Mr. Smith: PSS World Medical is a national specialty distributor of medical supplies, diagnostic equipment, and pharmaceuticals primarily to two markets, the office-based physician market and the elder care market. We are a leader in both markets with very innovative customer- focused services and the largest consultative and clinically astute sales force in our industry that combines with a very unique culture of performance. To describe those two markets a little bit, the doctor market consists of about 225,000 offices nationally; we are in about 100,000 of those offices with our services. The doctor market is about $6 billion and the elder care market is about $4 billion, with about 10,000 facilities.
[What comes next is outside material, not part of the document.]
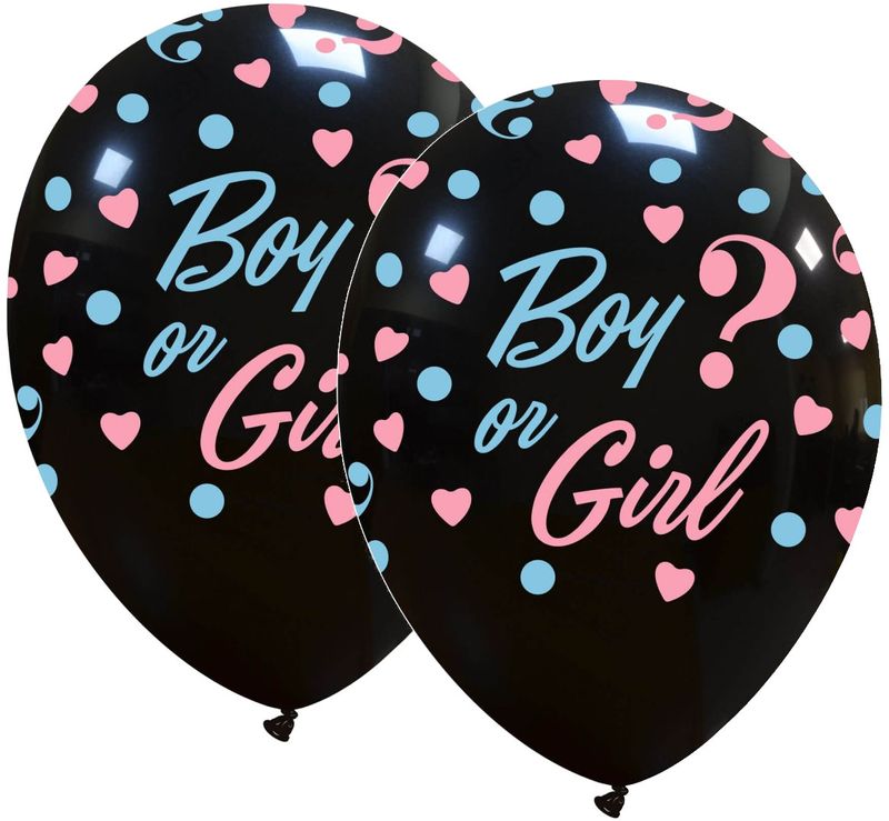 6 schwarze Luftballons für die Babyparty Boy or Girl 30cm

Recently, we have also started to grow into the home care market, targeting hospice and home care agencies, and that is a very big market, about $12 billion. I'll give you some other statistics: we have about 3,500 employees; we generate about $1.7 billion in revenues; we're growing just into the double digits, meaning that we target about 10% growth a year to 12% on the top line and about 20% bottom-line growth. That's been true for the last several years and should continue for the next several years, according to our strategic plan. It's the result of adding new products, adding new diagnostic products to the market, in combination with our ability to take advantage of the growth in our markets. We are growing about twice the rate of market growth in each segment. So we are taking share as well as adding new products to the market. That, I think, is a general brief description.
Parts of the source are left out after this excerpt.